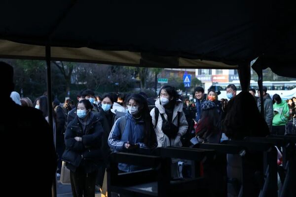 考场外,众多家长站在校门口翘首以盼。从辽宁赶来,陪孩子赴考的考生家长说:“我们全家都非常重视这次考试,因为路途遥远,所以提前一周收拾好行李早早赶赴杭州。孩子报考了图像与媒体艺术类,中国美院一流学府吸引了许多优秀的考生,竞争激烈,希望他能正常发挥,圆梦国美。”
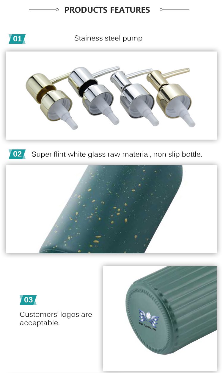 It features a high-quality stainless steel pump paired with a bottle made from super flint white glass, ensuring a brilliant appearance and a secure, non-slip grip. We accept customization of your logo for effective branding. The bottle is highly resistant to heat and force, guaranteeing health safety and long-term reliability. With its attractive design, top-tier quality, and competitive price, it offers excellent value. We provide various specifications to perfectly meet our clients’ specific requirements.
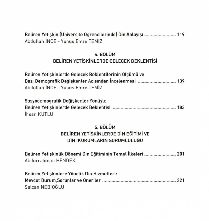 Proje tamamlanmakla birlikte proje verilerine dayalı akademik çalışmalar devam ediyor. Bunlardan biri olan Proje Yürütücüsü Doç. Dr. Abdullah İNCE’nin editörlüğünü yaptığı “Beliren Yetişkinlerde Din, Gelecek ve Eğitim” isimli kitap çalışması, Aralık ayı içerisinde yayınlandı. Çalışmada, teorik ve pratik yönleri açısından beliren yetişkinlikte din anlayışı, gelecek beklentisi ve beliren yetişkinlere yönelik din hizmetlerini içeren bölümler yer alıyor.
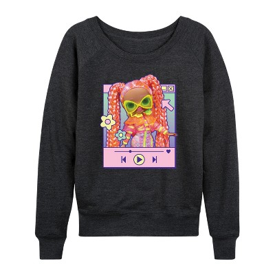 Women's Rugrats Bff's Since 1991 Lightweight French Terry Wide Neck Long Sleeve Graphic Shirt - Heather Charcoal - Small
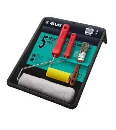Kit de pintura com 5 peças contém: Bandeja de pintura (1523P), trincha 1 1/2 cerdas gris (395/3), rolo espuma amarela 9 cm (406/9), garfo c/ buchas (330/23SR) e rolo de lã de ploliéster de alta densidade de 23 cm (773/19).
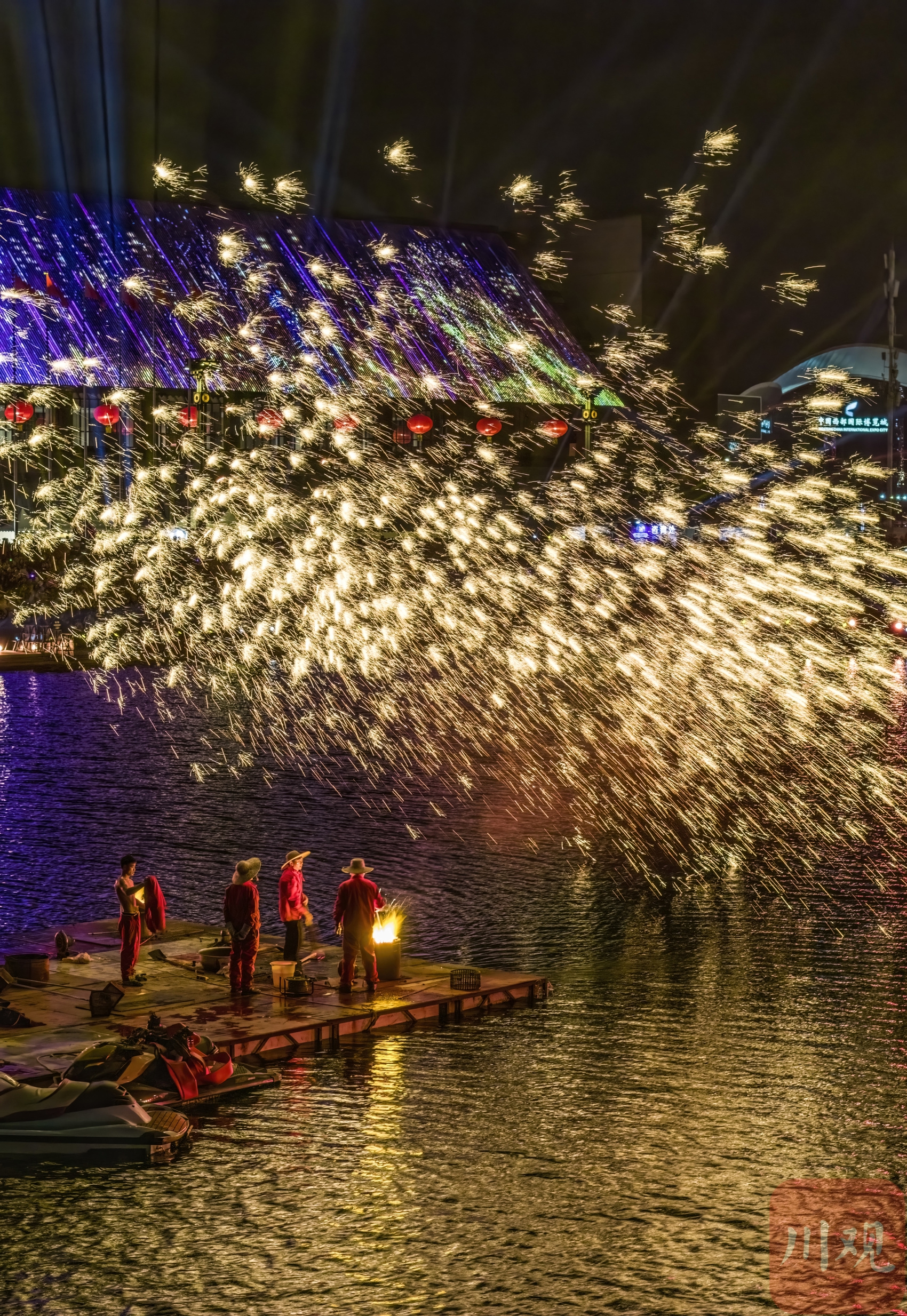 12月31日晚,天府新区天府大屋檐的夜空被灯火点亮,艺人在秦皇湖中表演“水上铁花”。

== == ==

» **ACTIVITY**: Could you restate every record above word for word, dropping the pictures?

» **SOLUTION**:
 考场外,众多家长站在校门口翘首以盼。从辽宁赶来,陪孩子赴考的考生家长说:“我们全家都非常重视这次考试,因为路途遥远,所以提前一周收拾好行李早早赶赴杭州。孩子报考了图像与媒体艺术类,中国美院一流学府吸引了许多优秀的考生,竞争激烈,希望他能正常发挥,圆梦国美。”
 It features a high-quality stainless steel pump paired with a bottle made from super flint white glass, ensuring a brilliant appearance and a secure, non-slip grip. We accept customization of your logo for effective branding. The bottle is highly resistant to heat and force, guaranteeing health safety and long-term reliability. With its attractive design, top-tier quality, and competitive price, it offers excellent value. We provide various specifications to perfectly meet our clients’ specific requirements.
 Proje tamamlanmakla birlikte proje verilerine dayalı akademik çalışmalar devam ediyor. Bunlardan biri olan Proje Yürütücüsü Doç. Dr. Abdullah İNCE’nin editörlüğünü yaptığı “Beliren Yetişkinlerde Din, Gelecek ve Eğitim” isimli kitap çalışması, Aralık ayı içerisinde yayınlandı. Çalışmada, teorik ve pratik yönleri açısından beliren yetişkinlikte din anlayışı, gelecek beklentisi ve beliren yetişkinlere yönelik din hizmetlerini içeren bölümler yer alıyor.
 Women's Rugrats Bff's Since 1991 Lightweight French Terry Wide Neck Long Sleeve Graphic Shirt - Heather Charcoal - Small
Kit de pintura com 5 peças contém: Bandeja de pintura (1523P), trincha 1 1/2 cerdas gris (395/3), rolo espuma amarela 9 cm (406/9), garfo c/ buchas (330/23SR) e rolo de lã de ploliéster de alta densidade de 23 cm (773/19).
 12月31日晚,天府新区天府大屋檐的夜空被灯火点亮,艺人在秦皇湖中表演“水上铁花”。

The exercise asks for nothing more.